Several years ago when the Federal Reserve had its Fed funds rate at zero to 25 basis points (one-quarter of one percent—0.25%), there was a great deal of talk, somehow presented as urgent, whether the Federal Reserve would raise interest rates.
RT asked me if the Fed was going to raise interest rates. I answered that the purpose of low interest rates was to restore the solvency of the balance sheets of the “banks too big to fail” by raising debt prices. The lower the interest rate, the higher the prices of debt instruments. The Fed drives bond prices up by purchasing bonds, and the Fed raises interest rates by selling bonds, or by purchasing fewer of them than previously.
I told RT that a real increase in interest rates would undercut the Fed’s policy of rescuing the balance sheets of the big banks whose balance sheets were loaded up with bad debt that desperately needed a rise in debt prices for the banks to remain solvent.
When shortly thereafter the Fed raised the overnight funds rate, it blew my credibility with RT. RT did not understand that real interest rates had not increased. Indeed, two days after the “rate increase” the nominal interest rate had not changed. It was still 18 basis points. The announced rate had gone from the old range of zero to 25 basis points to a new range of 25 basis points to 50 basis points. The former max was the current minimum.
Moreover, over the long time period in which there was such well marketed concern over whether such an inconsequential interest rate rise would occur, inflation had risen, making the real interest rate negative well below the 18 basis points official interest rate. By the time the Fed raised the nominal rate, the real rate was already more negative. Thus, there was no rise in real interest rates.
The financial press did not explain this, either from incompetence or collusion. RT accepted the fake news as reality and wrote off my credibility. I am often interviewed by RT, but no longer on economic matters, about which I know the most.
A couple of days ago, after a long period of waiting for another interest rate rise, an announcement from the Fed, amidst further indication of US economic decline, announced another 25 basis point increase in the target range for the Fed funds rate.
Inflation aside, in fact interest rates declined, as my sometime co-author Dave Kranzler reports.
Despite this publicized “rise” of the Fed funds rate, the 10-year interest rate on Treasuries “has declined 30 basis points this year. Thus for certain borrowers, the Fed has effectively lowered the cost of borrowing.”
Kranzler goes on to point out that
“the spread between the 30-day Treasury Bill and the 10-yr Treasury has declined this year from 193 basis points to 125 basis points – a 68 basis point drop in the cost of funding for borrowers who have access to the highly engineered derivative products that enable these borrowers to take advantage of the shape of the yield curve in order to lower their cost of borrowing.”
Kranzler provides a chart that shows that the spread between the 30-day Treasury bill and the 10-year Treasury bond is narrowing.

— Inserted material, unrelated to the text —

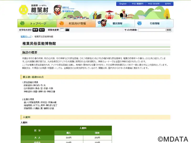 宮崎県椎葉村の民俗文化を保存・伝承する施設として1997年に開館。重要無形民俗文化財に指定されている「椎葉神楽」、春の的射、秋の臼太鼓踊りなど、四季を彩る行事と民俗芸能、ひえつき節などの民謡をはじめ、九州・アジアの民俗芸能も取り上げている。また、日本民俗学の父・柳田國男による狩猟伝承の記録や当時の交流資料も展示され、椎葉村に伝わる民俗文化と生業、自然との深いつながりを感じられる内容となっている。

As the short-term rate rises, the long term rate is falling, and the spread between the long and short rate has declined 68 basis points from almost two percentage points to one and one quarter percentage point.

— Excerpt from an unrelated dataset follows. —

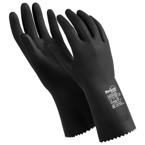 Перчатки латексные MANIPULA "КЩС-2", ультратонкие, размер 9-9,5 (L), черные, L-U-032/CG-943 605831
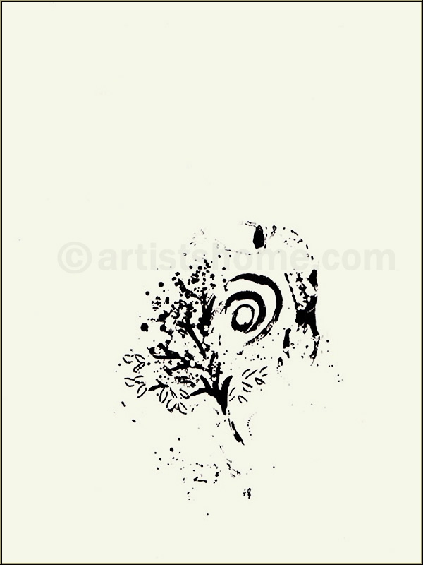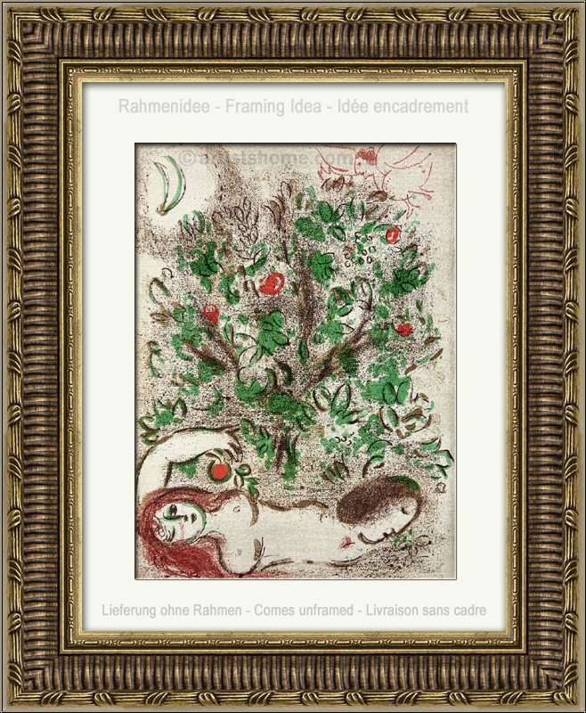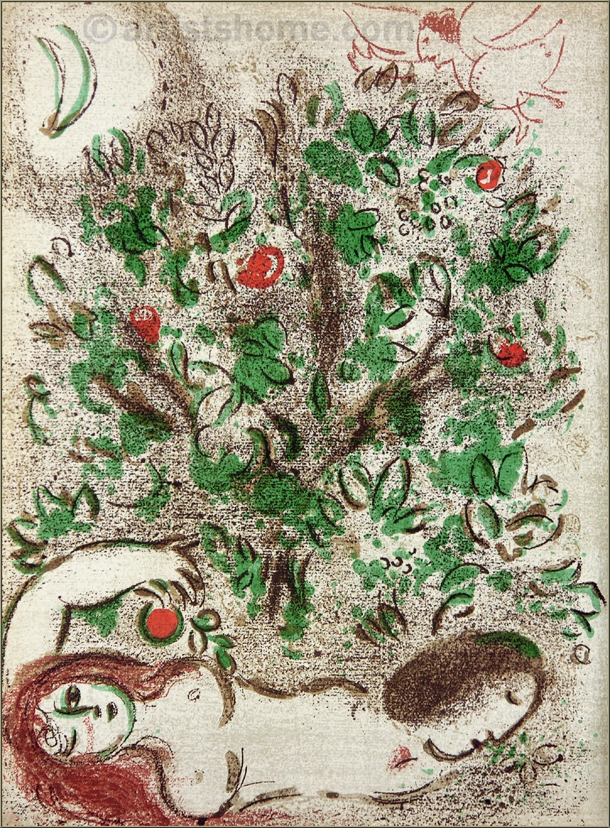 Détails :« Le Paradis » avec l’arbre de la connaissance Dans cette lithographie, Chagall a illustré le thème biblique de la chute originelle. Adam et Eve se reposent sous l’arbre du paradis. Ils sont devenus "une seule chair" (Genèse, 2.24), une unité : preuve qu’ils sont faits l’un pour l’autre. En hébreu, ils sont appelés "Adam et Adama" : Vir et Virago, ils se complètent. Mais ils se dressent contre Dieu, leur créateur, et veulent être comme lui. Ils se mettent ainsi à la place de Dieu, et c’est là la faute qu’ils ont commise. Sur le dessin, Eve cueille le fruit défendu, si beau et lumineux dans sa robe rouge. L’arbre verdoyant en est rempli, alors... un de plus, un de moins ? Adam dort encore, de la même manière qu’il n’est pas encore éveillé lorsqu’il prend le fruit des mains d’Eve et le croque. Il oublie la portée de leur action commune. Dans le coin supérieur gauche, le croissant de lune éclaire mystérieusement la scène. En haut à droite, on peut apercevoir un être volant avec un visage humain. Le paradis a perdu ses couleurs éclatantes, seul l’arbre de la connaissance brille d’un vert plein d’espoir.

Clearly, this is not a rise in interest rates.
Clearly also, a rise in the Fed funds rate no longer signals a rise in all interest rates.
Why is the Fed raising short rates when the long rates are falling?
Why do “democratic Western democracies” have central banks that do nothing except protect big banks at the expense of the people?
How long will the insouciant peoples of the West continue to conspire in their own demise?